Using only the entries below, output the lines starting at the one containing "La portada de" and ending at the one containing "Je begint als", exactly and inclusive of both, omitting the pictures.

SUPPLIED INFORMATION –
•••

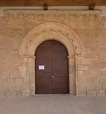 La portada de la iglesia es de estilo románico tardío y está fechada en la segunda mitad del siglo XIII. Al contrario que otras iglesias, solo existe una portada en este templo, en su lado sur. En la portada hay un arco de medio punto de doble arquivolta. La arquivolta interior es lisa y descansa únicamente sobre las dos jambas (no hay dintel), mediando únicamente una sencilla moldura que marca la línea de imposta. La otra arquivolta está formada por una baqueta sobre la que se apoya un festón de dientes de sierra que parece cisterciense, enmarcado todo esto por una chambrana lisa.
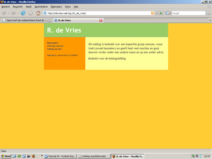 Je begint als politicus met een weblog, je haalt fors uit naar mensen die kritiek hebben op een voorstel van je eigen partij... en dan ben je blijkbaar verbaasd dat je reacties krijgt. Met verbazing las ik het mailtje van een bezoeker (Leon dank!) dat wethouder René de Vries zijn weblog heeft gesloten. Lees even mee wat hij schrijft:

•••

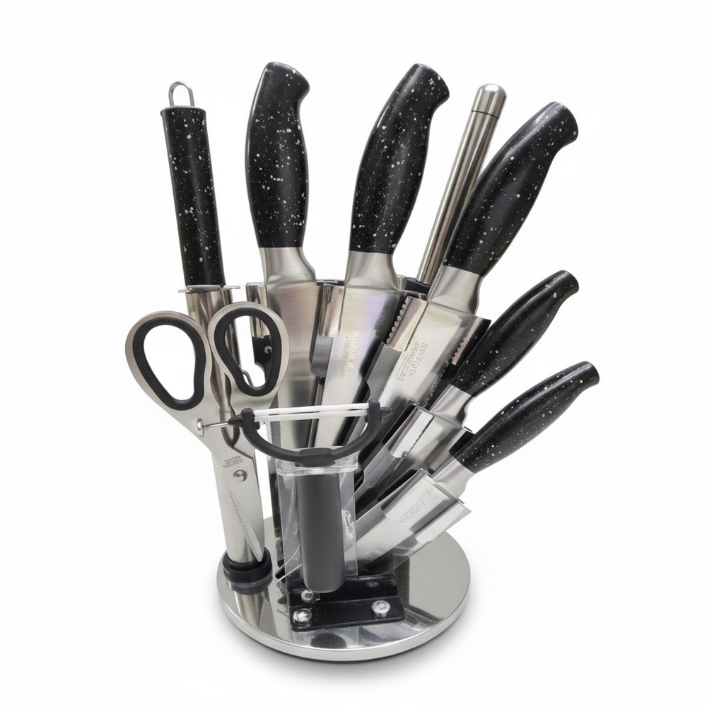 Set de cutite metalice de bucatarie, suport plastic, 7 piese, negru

•••

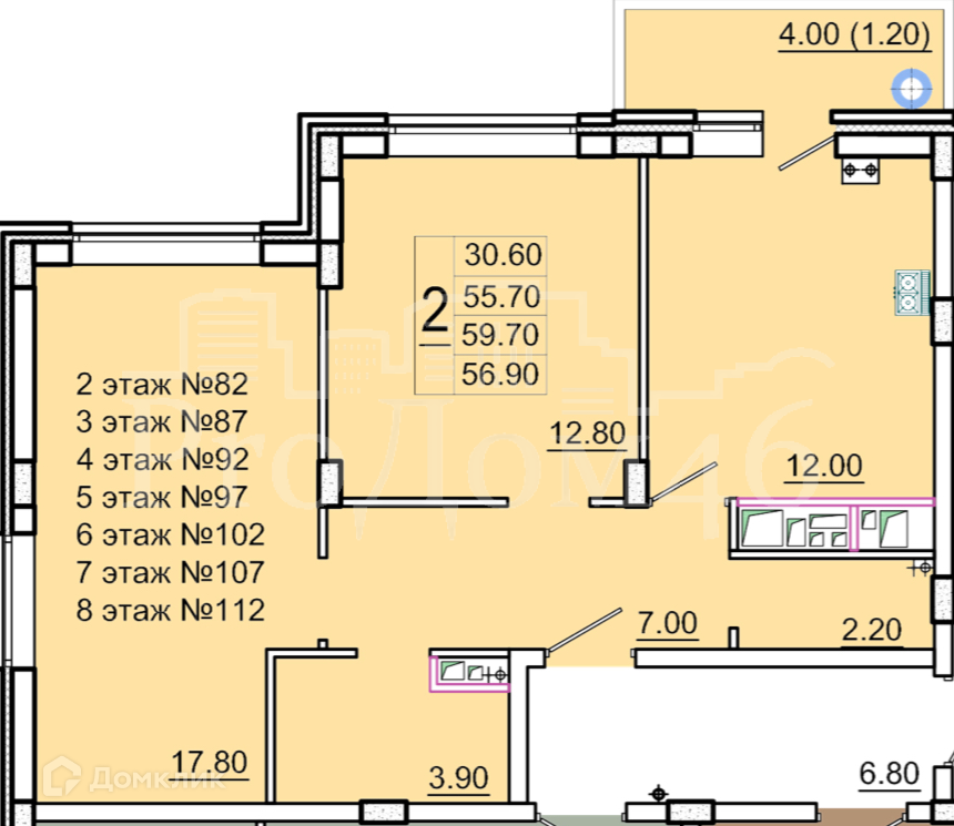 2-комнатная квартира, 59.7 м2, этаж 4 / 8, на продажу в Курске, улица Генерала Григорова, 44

•••

TASK RESULT –
 La portada de la iglesia es de estilo románico tardío y está fechada en la segunda mitad del siglo XIII. Al contrario que otras iglesias, solo existe una portada en este templo, en su lado sur. En la portada hay un arco de medio punto de doble arquivolta. La arquivolta interior es lisa y descansa únicamente sobre las dos jambas (no hay dintel), mediando únicamente una sencilla moldura que marca la línea de imposta. La otra arquivolta está formada por una baqueta sobre la que se apoya un festón de dientes de sierra que parece cisterciense, enmarcado todo esto por una chambrana lisa.
 Je begint als politicus met een weblog, je haalt fors uit naar mensen die kritiek hebben op een voorstel van je eigen partij... en dan ben je blijkbaar verbaasd dat je reacties krijgt. Met verbazing las ik het mailtje van een bezoeker (Leon dank!) dat wethouder René de Vries zijn weblog heeft gesloten. Lees even mee wat hij schrijft:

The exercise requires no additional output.